A Platonising bishop held that the surname Rabelais, by mystical Hebrew etymology, truly means ‘Prince of Mockers’. In 1818 Hazlitt ended his introductory lecture ‘On the English Comic Writers’ not with Shakespeare, Ben Jonson, Congreve, Sterne or Garrick but with Rabelais. He was defending the French from one of our bouts of Gallophobia. ‘Even to those who have never read his book,’ he wrote, ‘the name of Rabelais is a cordial to the spirits, and to mention it cannot consist with gravity or spleen.’ Odium criticum can make the last phrase untrue; there are, as always, rival schools of criticism – and some schools place critic above author. But most unite in finding Rabelais a source of joy. Whoever writes or talks about Rabelais soon discovers that joy for Rabelais, like truth for Esdras, is great and shall prevail. Hazlitt knew his Rabelais well – in uncritical editions. He would not have been satisfied with the Oxford English Dictionary’s definition of ‘Rabelaisian’: ‘Pertaining to, characteristic of, or resembling Rabelais or his writings, which are distinguished by exuberance of imagination and language, combined with extravagance and coarseness of humour and satire.’ Neither this definition nor the examples mention wisdom or laughter. Hazlitt did. He quietly provoked the Gallophobes: ‘The wise sayings and heroic deeds of Gargantua and Pantagruel ought not to be set down as nothing.’ Rabelais loved his glass of piot – there is little reason for believing that the draughts of wine are always allegories of higher things – but when Hazlitt conjured up a picture of Rabelais set among his wine-flagons he also thought of him ‘with his books of law, of school divinity and physic before him, which were his jest books’. And so they were. From them ‘he drew endless stores of absurdity; laughing at the world and enjoying it by turns, and making the world laugh with him again, for the last three hundred years, at his teeming wit and his prolific follies.’ A fine tribute with which to end an introduction to the English comic writers.

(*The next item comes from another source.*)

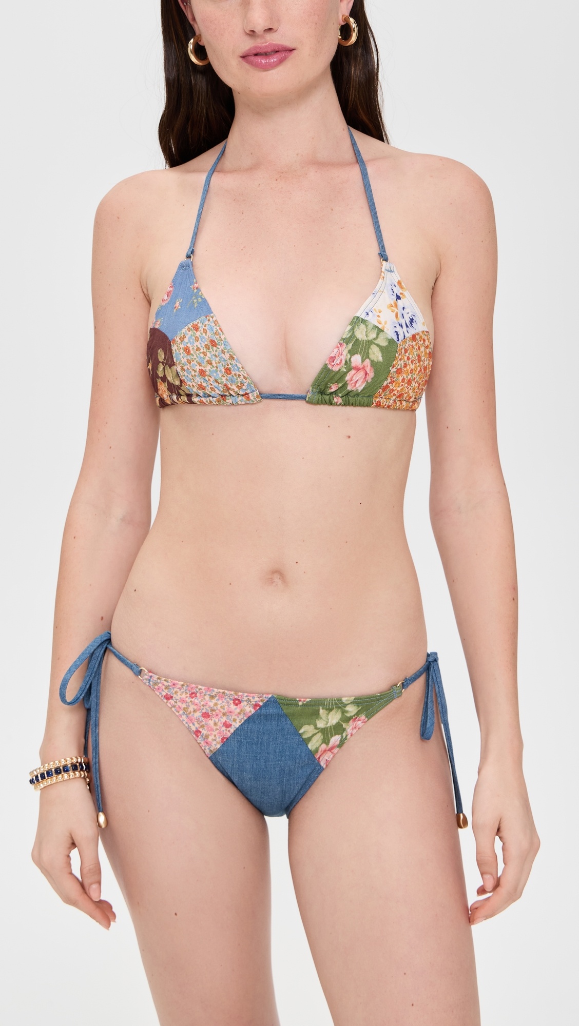 Lucky patchwork floral-print cotton and chambray triangle bikini Multi

But not everybody likes Rabelais. Young Calvin did. The later Calvin did not. Nor did the Council of Trent – where the French were a tiny minority. Rabelais’s Christian comedy was too much for Pius IV. His Index Tridentinus (1564) casts Rabelais among the ‘forbidden authors of the first class’. He was ranked with Luther and Calvin. (Erasmus was in a different category.) Later he was joined by Montaigne, Pascal, Balzac and others, until the silly enterprise was laughed out of existence. To read, without prior permission, a ‘first-class’ author entailed excommunication. Or so they said. But French Catholics never stopped reading Rabelais. Only Protestants or Anglicans could print him openly. Protestants dropped his attacks on Calvin or turned them into anti-monastic gibes, so managing to divert Rabelais’s Gallican via media into channels pleasing to the Eglise Réformée. Rabelais the Gallican Anti-Papalist has often been taken over this way, but he would not have lasted a year in Calvin’s Geneva – or in Mao’s China, for that matter.

Rabelais was, for generations, read only in distorting editions which generated jokes of their own. All his Greek was turned into gibberish; careless arrangement of material by printers led Sterne to believe that Rabelais was sporting typographically with his reader by displacing a poem or by leaving blanks – hence the blanked-out chapter in Tristram Shandy. These editions – sometimes printed clandestinely in France – kept Rabelais alive but helped to create a ‘Rabelais legend’ which had nothing to do with the works he wrote. Montaigne enjoyed Rabelais, finding him at least ‘simplement plaisant’ (‘straightforwardly delightful’). Molière assumed that his audience enjoyed him too. And they did. For many Frenchmen Rabelais embodies that Gaulois humour which they love to see as a permanent element in the national character.